If you do need to access the list, then I see why it makes sense
to add an "accum.list = initlist" statement right before the
"return accum", but it still seems better to use initlist in
the body of accum -- why take an extra indirection?  Or do your
specs require the ability to CHANGE the list being accumulated
too, as well?

Trying to reverse-engineer somewhat complicated specs from the
way a function has actually been coded (assuming that every
apparent complication in the function is entirely justified by
the requirements) is a somewhat unrewarding exercise, IMHO.

> BTW, I want to send something like this to Paul Graham for his closure
> shootout.  Is this better than the normal version which uses objects?

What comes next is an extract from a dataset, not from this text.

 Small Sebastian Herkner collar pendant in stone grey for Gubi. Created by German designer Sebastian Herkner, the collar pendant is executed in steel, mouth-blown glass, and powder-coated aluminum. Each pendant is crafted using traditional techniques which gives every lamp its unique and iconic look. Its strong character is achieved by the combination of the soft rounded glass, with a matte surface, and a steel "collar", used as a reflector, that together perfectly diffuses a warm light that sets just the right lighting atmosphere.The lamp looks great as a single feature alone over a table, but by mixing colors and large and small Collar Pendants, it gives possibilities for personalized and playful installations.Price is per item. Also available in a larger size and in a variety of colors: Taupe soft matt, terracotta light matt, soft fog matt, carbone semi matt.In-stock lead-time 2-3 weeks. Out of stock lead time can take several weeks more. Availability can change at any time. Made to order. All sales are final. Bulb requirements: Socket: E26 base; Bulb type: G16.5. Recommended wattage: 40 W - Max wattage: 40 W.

I think it depends on what axis you want to judge "better" along.
Closures are simpler than class instances when your needs are
quite well-limited.  But if you need your solution to do a lot of
things there comes a time in which stretching closures' modest
abilities becomes (IMHO) too complicated (and that is well before
it becomes impossible).  To judge in a given case, one needs but
code things out and perhaps apply timeit.py (from Python 2.3, but
you can get it and use it with 2.2 as well) to some benchmarks that
are representative of code one wants to run.

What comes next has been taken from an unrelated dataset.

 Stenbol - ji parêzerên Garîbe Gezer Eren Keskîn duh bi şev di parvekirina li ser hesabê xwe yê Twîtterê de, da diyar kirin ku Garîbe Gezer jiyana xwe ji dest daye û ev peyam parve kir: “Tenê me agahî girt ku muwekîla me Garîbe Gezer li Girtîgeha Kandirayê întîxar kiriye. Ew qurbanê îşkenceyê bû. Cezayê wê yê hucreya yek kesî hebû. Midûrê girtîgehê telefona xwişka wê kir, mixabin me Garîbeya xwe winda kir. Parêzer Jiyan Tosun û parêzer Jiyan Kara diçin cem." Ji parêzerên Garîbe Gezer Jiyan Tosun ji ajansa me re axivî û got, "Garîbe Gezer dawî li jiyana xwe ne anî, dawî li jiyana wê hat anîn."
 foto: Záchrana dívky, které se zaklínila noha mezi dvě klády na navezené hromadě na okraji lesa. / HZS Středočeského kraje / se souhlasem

Let's suppose, for example, that you only need some subset of
the functionality in your initial solution -- I'm guessing you
do need the ability to make an accumulator from either an
existing list or (by default) a new empty list, and to access
the list being accumulated to, both with and without appending
further to it, but don't need to rebind said list for one
given accumulator object.

Suppose further that typical usage parameters might be:
    -- generate N accumulators with existing lists
       and N more with lists that are default, new, empty ones;
    -- for each accumulator, call it 100 times for appending,
    -- and access its list-being-accessed another 100 times
if your typical operations would use different parameters,
of course, you can juggle the numbers.

Now, I would code a benchmark script be.py:

def clos(initlist=None):
    if initlist is None: initlist = []
    def accum(elem):
        initlist.append(elem)
        return initlist
    accum.thelist = initlist
    return accum

class clas(object):
    __slots__ = ['thelist']
    def __init__(self, initlist=None):
        if initlist is None: initlist = []
        self.thelist = initlist
    def __call__(self, elem):
        self.thelist.append(elem)
        return self.thelist

# we can see that, at these levels of functionality, the
# complication of the two approaches is comparable!

Nexist = Nnew = 100
nappend = 100
naccess = 100

def work(maker):
    for i in xrange(Nexist):
        accum = maker(range(3))
        for j in xrange(nappend): accum(j)
        for j in xrange(naccess): accum.thelist
    for i in xrange(Nnew):
        accum = maker()
        for j in xrange(nappend): accum(j)
        for j in xrange(naccess): accum.thelist

and finally use timeit.py on it:

[alex at lancelot alex]$ python timeit.py -s 'import be' 'be.work(be.clas)'
10 loops, best of 3: 1.26e+05 usec per loop
[alex at lancelot alex]$ python timeit.py -s 'import be' 'be.work(be.clos)'
10 loops, best of 3: 8.08e+04 usec per loop
[alex at lancelot alex]$

with a time consumption that's only about 0.64 than the class-based
solution, the closure-based solution can be said to be a bit "better"
for these benchmarking parameters, on this machine, for this version
of Python.  Using parameters that do a better job of representing
your actual application's needs will of course yield answers that are
more relevant for your specific case.  But I think you'll find that
this kind of speedup is roughly representative of many similar cases.

Alex